In Italië draaiden de fascisten in de jaren twintig het parlement de nek om.6 Dat liet de Doornse balling steenkoud. Maar dat Mussolini de monarchie van Viktor Emanuel III in stand hield, dat bood een wenkend perspectief. "Ik geloof dat het fascisme ook naar Duitsland zal overwaaien en dat daardoor de monarchie hersteld zal worden", aldus Von Ilsemann. Een geheime politie als in Italië, door de ex-Kaiser op één lijn gesteld met die onder Lenin, was ook wenselijk in Duitsland zodra hij weer op de troon zou zitten.

Rond 1930 werd Finland geconfronteerd met de fascistische Lapua-beweging. Waarom hebben we niet zo'n antibolsjewistische beweging in Pruisen, vroeg hij zich stampvoetend af. De royalistisch fascistische relschopperij in de Franse hoofdstad (1934), de heldendaden van Mussolini in Ethiopië (1935-1936, 'blank tegen zwart') en Hitlers Anschluss van Oostenrijk bij Duitsland (1938), het kreeg allemaal bijval in Doorn.

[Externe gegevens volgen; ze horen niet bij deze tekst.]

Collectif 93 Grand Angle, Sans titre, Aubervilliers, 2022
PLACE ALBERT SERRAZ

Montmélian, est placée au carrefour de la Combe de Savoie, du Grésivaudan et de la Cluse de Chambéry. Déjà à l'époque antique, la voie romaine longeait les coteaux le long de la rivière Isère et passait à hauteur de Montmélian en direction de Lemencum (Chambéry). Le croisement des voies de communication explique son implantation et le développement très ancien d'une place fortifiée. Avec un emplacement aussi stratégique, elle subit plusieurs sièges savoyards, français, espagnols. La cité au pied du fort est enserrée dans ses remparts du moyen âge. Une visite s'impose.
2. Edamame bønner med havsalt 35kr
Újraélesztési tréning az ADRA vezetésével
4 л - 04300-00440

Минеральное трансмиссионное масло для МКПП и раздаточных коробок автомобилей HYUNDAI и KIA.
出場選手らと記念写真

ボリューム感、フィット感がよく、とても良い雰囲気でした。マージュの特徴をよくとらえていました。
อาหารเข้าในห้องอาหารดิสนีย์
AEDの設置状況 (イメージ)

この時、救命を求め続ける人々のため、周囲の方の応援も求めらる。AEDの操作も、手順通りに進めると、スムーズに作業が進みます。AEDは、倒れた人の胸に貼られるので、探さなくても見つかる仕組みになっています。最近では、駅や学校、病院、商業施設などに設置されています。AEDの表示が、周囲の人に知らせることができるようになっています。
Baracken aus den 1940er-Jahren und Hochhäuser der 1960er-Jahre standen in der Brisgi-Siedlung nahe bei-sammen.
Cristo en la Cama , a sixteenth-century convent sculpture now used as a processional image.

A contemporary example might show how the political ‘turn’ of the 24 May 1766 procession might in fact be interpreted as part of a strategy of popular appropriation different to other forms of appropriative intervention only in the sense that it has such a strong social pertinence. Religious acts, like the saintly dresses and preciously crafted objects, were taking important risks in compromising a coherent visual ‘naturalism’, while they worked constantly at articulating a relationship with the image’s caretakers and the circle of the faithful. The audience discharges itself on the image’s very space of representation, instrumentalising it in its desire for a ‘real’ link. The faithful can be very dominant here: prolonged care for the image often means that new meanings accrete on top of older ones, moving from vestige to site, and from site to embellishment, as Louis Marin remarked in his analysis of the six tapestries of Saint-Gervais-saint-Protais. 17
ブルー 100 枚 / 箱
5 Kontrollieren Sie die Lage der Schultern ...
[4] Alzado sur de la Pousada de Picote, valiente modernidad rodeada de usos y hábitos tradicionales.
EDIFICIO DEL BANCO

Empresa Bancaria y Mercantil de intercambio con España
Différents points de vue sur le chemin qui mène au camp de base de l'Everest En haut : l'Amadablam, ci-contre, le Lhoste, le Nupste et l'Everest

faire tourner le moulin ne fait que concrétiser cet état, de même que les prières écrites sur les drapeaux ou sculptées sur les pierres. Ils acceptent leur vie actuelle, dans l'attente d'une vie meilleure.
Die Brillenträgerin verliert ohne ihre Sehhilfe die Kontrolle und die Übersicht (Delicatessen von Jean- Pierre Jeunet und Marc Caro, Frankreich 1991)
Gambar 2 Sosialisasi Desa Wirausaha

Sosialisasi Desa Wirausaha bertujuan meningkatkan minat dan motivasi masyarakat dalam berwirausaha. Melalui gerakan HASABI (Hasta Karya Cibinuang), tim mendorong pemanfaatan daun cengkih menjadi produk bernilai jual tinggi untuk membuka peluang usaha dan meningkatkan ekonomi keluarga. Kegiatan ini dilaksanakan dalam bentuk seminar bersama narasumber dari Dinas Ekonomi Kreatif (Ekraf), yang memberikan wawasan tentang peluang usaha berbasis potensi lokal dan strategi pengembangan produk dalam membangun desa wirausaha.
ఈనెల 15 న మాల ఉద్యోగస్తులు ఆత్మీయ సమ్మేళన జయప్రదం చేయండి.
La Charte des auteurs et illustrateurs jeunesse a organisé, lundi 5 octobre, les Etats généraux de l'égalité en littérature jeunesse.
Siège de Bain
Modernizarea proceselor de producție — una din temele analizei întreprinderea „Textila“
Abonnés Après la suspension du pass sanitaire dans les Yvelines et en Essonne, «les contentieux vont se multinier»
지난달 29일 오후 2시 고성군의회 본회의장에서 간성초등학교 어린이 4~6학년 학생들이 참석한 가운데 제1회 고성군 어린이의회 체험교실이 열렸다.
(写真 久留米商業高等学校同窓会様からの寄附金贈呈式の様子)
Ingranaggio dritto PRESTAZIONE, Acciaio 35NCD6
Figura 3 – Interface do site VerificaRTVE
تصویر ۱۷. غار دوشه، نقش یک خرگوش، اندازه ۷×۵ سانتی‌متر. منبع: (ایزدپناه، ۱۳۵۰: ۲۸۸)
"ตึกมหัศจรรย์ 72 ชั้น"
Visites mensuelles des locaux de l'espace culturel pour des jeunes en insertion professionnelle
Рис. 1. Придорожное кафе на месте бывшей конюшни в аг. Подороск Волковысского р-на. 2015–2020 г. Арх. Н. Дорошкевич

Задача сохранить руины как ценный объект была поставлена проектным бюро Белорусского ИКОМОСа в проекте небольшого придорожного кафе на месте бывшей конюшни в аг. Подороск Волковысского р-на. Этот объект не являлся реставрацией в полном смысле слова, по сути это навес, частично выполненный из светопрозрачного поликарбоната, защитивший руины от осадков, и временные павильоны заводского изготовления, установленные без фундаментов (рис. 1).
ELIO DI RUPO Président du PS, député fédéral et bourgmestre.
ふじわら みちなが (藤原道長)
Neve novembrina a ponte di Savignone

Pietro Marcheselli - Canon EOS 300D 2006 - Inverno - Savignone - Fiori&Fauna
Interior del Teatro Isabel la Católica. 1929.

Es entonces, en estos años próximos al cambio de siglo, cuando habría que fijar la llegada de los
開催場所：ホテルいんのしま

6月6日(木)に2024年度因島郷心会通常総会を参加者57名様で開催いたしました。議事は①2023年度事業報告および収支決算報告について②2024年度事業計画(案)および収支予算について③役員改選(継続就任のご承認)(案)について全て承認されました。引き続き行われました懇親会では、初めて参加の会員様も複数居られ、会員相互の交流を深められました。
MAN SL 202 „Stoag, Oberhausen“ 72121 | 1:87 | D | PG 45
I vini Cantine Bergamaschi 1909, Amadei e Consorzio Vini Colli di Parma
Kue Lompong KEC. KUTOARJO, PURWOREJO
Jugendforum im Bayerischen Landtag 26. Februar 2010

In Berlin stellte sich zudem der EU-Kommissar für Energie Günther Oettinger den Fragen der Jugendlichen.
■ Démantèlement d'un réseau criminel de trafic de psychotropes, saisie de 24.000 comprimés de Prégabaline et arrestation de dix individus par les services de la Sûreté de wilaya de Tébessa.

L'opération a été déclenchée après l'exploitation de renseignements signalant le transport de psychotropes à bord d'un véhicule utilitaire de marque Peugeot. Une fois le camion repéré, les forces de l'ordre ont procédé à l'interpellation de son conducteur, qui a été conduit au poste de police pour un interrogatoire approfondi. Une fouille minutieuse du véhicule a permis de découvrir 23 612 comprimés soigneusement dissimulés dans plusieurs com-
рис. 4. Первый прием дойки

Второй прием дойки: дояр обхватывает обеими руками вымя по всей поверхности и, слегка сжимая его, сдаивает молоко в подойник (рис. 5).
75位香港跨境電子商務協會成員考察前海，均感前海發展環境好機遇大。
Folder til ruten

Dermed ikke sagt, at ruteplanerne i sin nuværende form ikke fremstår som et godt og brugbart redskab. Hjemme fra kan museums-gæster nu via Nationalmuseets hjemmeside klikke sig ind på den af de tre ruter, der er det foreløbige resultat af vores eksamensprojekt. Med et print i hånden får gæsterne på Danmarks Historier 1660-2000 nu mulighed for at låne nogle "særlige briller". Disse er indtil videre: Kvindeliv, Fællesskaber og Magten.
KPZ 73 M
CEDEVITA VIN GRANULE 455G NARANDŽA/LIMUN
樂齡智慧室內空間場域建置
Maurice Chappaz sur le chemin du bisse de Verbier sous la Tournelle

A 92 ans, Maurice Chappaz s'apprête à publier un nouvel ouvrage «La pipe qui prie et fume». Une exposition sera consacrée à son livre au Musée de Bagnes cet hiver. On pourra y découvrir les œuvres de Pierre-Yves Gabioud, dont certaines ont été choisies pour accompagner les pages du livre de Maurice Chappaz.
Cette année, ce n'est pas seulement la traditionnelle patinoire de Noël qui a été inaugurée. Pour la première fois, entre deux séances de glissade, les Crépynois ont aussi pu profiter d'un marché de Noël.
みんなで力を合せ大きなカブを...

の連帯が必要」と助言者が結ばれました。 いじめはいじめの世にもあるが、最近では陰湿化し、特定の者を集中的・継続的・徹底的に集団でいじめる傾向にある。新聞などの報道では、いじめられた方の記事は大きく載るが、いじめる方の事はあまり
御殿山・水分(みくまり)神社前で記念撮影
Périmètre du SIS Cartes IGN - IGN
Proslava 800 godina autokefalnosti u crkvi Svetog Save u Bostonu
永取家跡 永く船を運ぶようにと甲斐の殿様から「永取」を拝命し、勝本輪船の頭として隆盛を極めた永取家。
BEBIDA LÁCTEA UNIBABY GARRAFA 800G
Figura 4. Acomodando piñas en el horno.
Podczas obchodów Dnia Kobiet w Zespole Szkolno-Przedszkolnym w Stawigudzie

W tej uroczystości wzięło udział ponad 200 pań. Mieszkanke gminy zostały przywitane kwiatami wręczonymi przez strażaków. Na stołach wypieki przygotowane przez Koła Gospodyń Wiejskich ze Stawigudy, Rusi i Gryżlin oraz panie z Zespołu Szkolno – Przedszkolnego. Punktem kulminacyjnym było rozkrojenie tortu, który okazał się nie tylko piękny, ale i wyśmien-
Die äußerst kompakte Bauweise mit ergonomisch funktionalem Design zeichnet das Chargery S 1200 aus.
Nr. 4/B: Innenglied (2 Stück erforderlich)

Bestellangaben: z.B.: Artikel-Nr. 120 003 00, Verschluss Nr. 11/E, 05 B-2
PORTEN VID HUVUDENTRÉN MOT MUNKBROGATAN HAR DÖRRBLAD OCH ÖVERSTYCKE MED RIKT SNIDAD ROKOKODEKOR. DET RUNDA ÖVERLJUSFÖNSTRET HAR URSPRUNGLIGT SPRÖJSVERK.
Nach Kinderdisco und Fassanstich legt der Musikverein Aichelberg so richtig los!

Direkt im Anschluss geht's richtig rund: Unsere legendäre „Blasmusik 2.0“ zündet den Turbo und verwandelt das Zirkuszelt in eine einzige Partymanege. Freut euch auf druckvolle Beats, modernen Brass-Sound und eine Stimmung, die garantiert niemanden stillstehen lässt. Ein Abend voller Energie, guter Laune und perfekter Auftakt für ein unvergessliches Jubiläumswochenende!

Het deed de oude Kaiser bijzonder genoegen dat Engeland wel sputterde, maar niks durfde te ondernemen. Daaraan kon je goed zien, merkte hij op, dat Europa zelf in staat was beslissingen te nemen. De overwinning van de Franco troepen op de wettige regering gaf Wilhelm II geestdriftig met blauwe pijlen aan op een landkaart. Net zoals hij dat had gedaan ten tijde van de Eerste Wereldoorlog; hij was weer helemaal in zijn oude militaristische doen. Hitlers inval in Polen (1939) bood hetzelfde tafereel. De eisen van de Führer met betrekking tot Dantzig en de Corridor, schrijft Von Ilsemann, achtte de keizer aan de gematigde kant. Wilhems 'finest hour' sloeg in 1940 met Hitlers Blitzkrieg in Noordwest Europa. Na de nederlaag van Frankrijk verzond hij op 17 juni van dat jaar vanuit het bezette Nederland een felicitatietelegram aan de Führer die hem daarvoor een week later bedankte.

Onvervalst antisemitisme

Over Hitlers binnenlandse politiek was de voormalige Kaiser beduidend minder te spreken. Zijn gefoeter op de nazi's vloeide echter voor het merendeel voort uit diepgewortelde frustratie dat ze zijn monarchale ambities blokkeerden. Hij, bij de gratie Gods. Over de beruchte Reichskristallnacht (1938) toonde hij zich verontwaardigd. Zijn visie formuleerde de banneling bondig: Als Hitler "de monarchie in zijn vaandel zou hebben geschreven, was hij een groot man geweest."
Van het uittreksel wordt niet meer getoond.